The Victoria Cross Trust, based in Doncaster, primarily maintains memorials and grave markers to commemorate the lives of holders of the Victoria Cross, for the benefit of the public and for posterity. It also aims to educate the public about the lives, citation details and last resting places of Victoria Cross holders to perpetuate the memory of these brave soldiers. The Trust’s educational activities were centred around Ashworth Barracks Museum which closed earlier this year. Although some of the collection is set to be exhibited in Sheffield and Stockton-on-Tees, there’s clearly an opportunity for the Trust to capture some of the objects and stories digitally. I’m working with some of the Trustees to create long-form content that doesn’t just drive traffic, but which creates genuine engagement through the power of narrative, that makes an enduring impact on visitors and which serves as an investment in the Trust’s future work.
Long-form narrative content is an essential and profoundly important way to share stories. It offers depth and breadth; it offers more than a fleeting glimpse. It can create an emotional impact. The story is the most affecting way to share experiences, to make connections to our own lives and to ask people to engage emotionally with the lived experiences of others, of those that have gone before us. Had we been told the stories behind the embalmed specimens in those dusty jars back in the biology laboratory, they could have meant more to us than remote objects of curiosity; instead, they may well have become resonant with meaning and memory. Looking ahead to a post-Covid world, the argument for capturing objects and stories digitally, and effectively futureproofing them, has never been more compelling.
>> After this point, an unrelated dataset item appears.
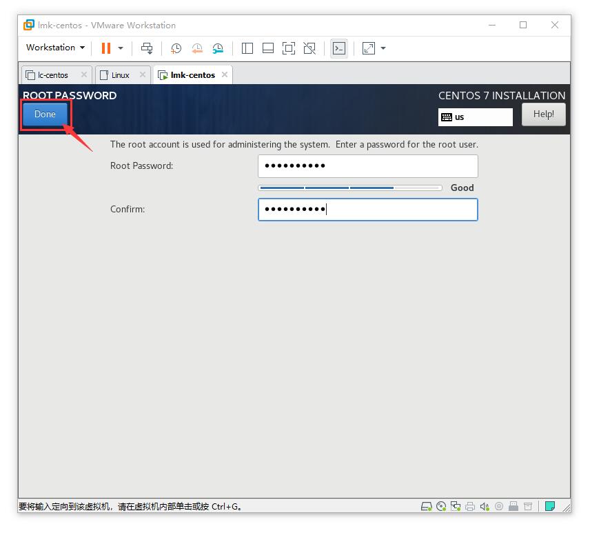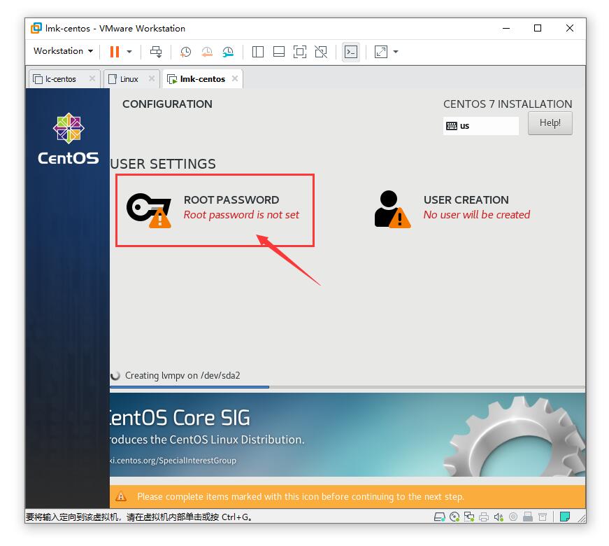 回到用户界面,继续点击【ROOT PASSWORD】选项,为 root 用户设置初始密码:
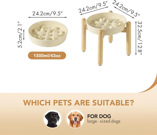 9.5inch Ceramic Dog Raised Slow Feeder Set, Elevated Bowl with Wooden Stand for Large Dog, Slow Feeder Dish for Fast Easters, Anti-Gulping(Beige, Single Bowl+ Stand)

Faber, Nick (2018) Blogs Need a New Name. Museums Can Make it Happen’, The Cuberist Blog.
Resnicow, David (2020) ‘Museums Have Moved Online, But They Must Reinvent Themselves to Thrive’, artnews.com.
Richardon, Jim (2020) ‘Long-Form Digital Content? Here are three museums doing it well’, MuseumNext.
Roppola, Tiina (2012) Designing for the Museum Visitor Experience, New York: Routledge.
Sitzia, Emilie (2018) ‘Narrative Theories and Learning in Contemporary Art Museums: A Theoretical Exploration’, Stedelijk Studies, Issue #4.
Steensen, Steen (2011) ‘The Featurization of Journalism’, Nordicom Review.